Here's the concept: four CDs to be played simultaneously, creating some sort of quadrophonic stereo sound by which you may smoke hash or perhaps stare at your lava lamp.
Here's the reality: Do I wanna buy three more CD players with which to enjoy Zaireeka or, say, eat?
Let me put it to you this way: I have one CD player, a boombox I bought off my ex-roommate for about $15. I got it so cheap because (a) it was old, and (b) the latch that holds the cover of the CD player shut broke in a freak accident. I keep the player shut with a couple of strips of duct tape so the disc will play. I change the tape once every three weeks or so, which isn't often enough. If I could afford a new player, I'd get one. In the meantime, I'm still three short.
And talk about not connecting with your fan base! Have you ever seen a Flaming Lips fan? They spend all their cash on inhalants and detox. They don't have the money for four CD players and, if they did, they'd spend it all on-- you guessed it-- inhalants and detox. And then retox. But not three more CD players.
I tried to make do by listening to each disc on its own, and while it sounded interesting, I was still only getting one- fourth of the whole picture at a time. When I mentally put it all together, I figured it should sound like an acid casualty who sits on a throne, even though he lives in a seedy motel and hands out quaaludes to the newspaper delivery boys.
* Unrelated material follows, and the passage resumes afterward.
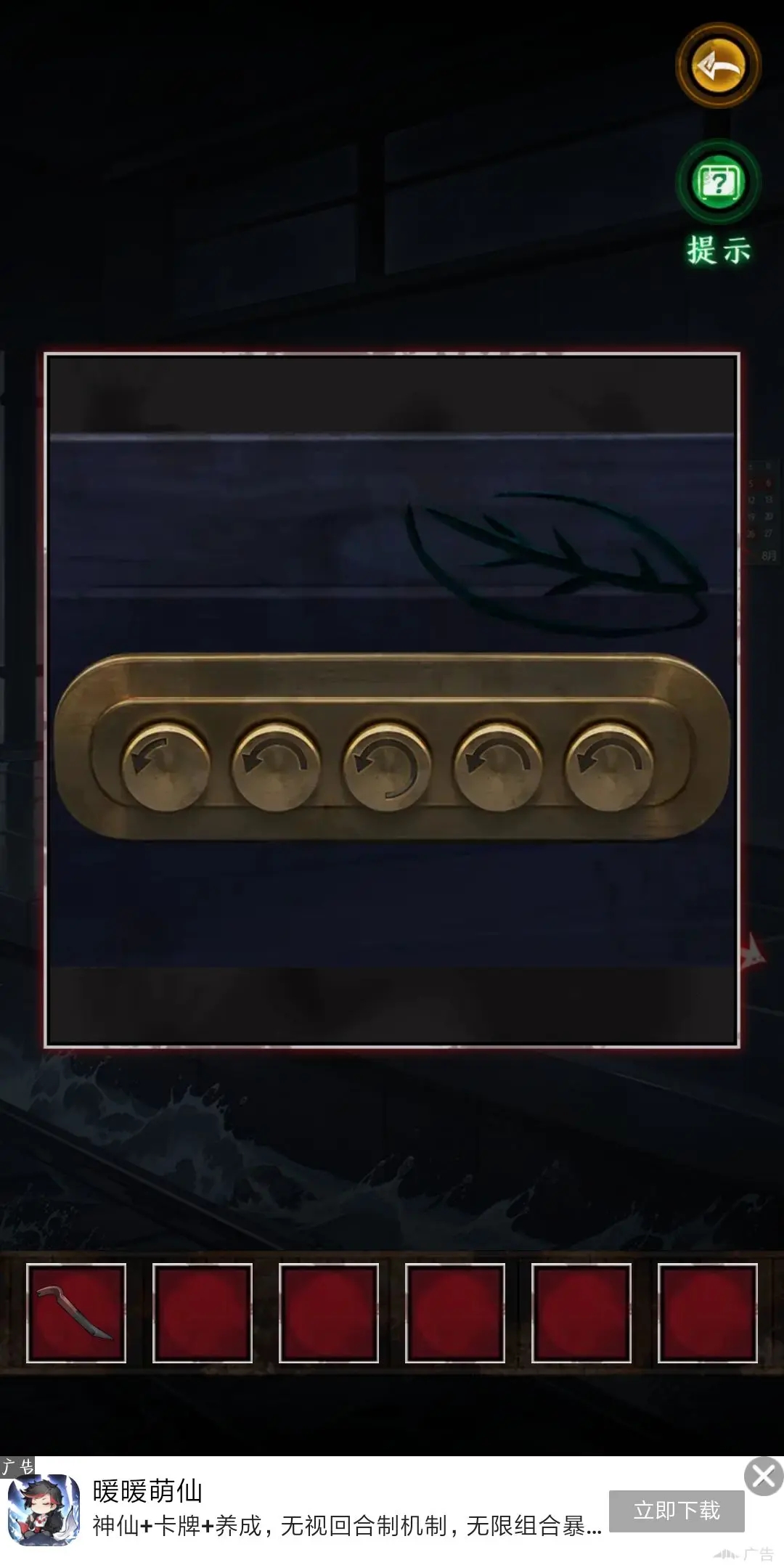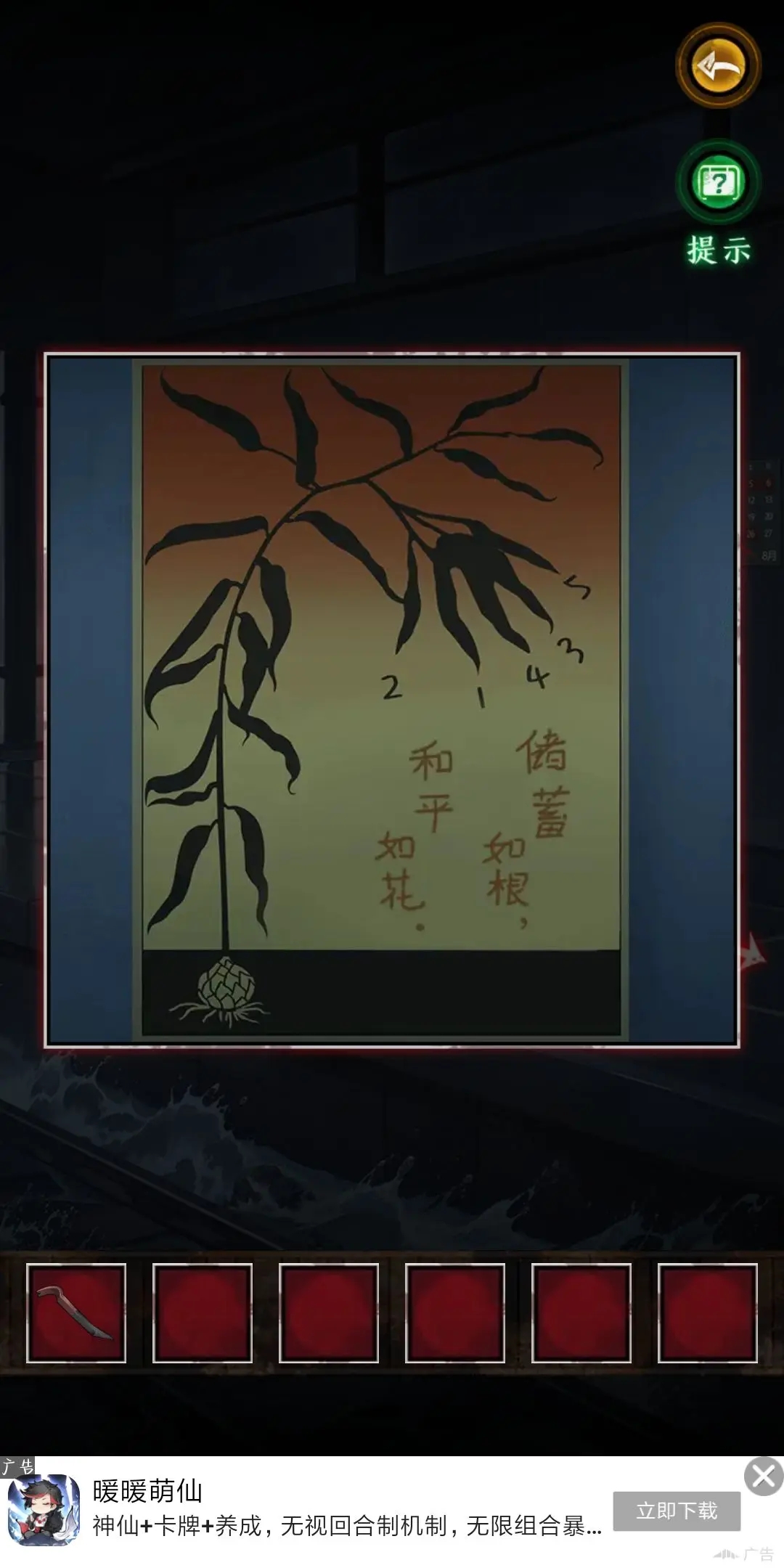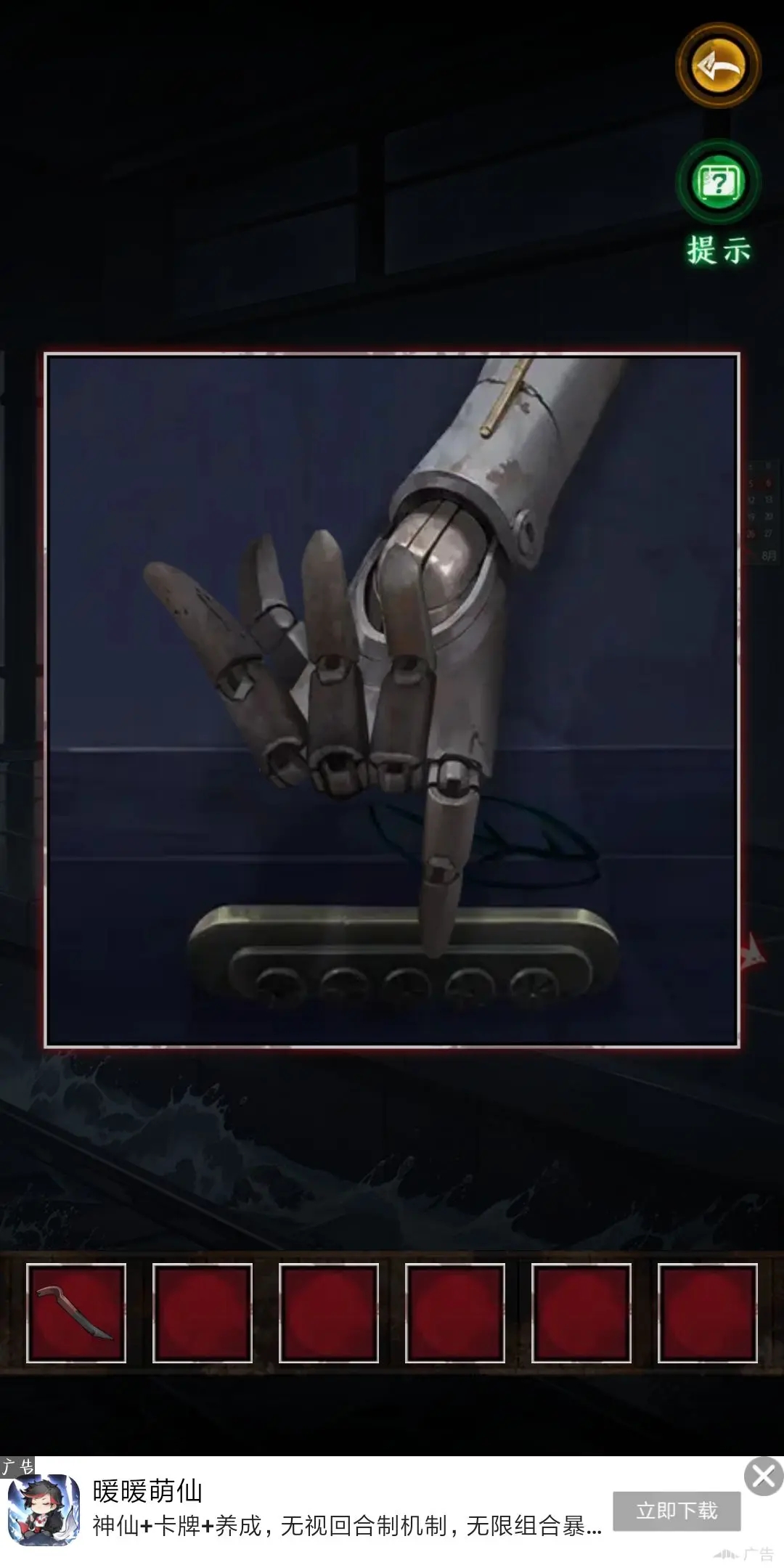 15.得到人偶的手,點(diǎn)擊書(shū)柜最上一行露出的一張紙得到信息“蟬能讓石碎”

But I could be wrong. I'll never know because I don't have the proper amount of stereo equipment.
If Flaming Lips mastermind Wayne Coyne-- who, up until now, has been amazingly creative without heading off into ridiculousness-- decides to release a mix of all four CDs on one disc, I'm all for it. In the meantime, he may as well have put the freakin' thing on an eight track tape or 6,000 microcassettes that each have one note on them. All Zaireeka is good for now is a mention on "The $25,000 Pyramid."
Contestant #1: "Tofu burgers, Ishtar, pet rocks, Tandy computers, the Flaming Lips' Zaireeka--"
Contestant #2: "Completely useless things no one should have bothered with!"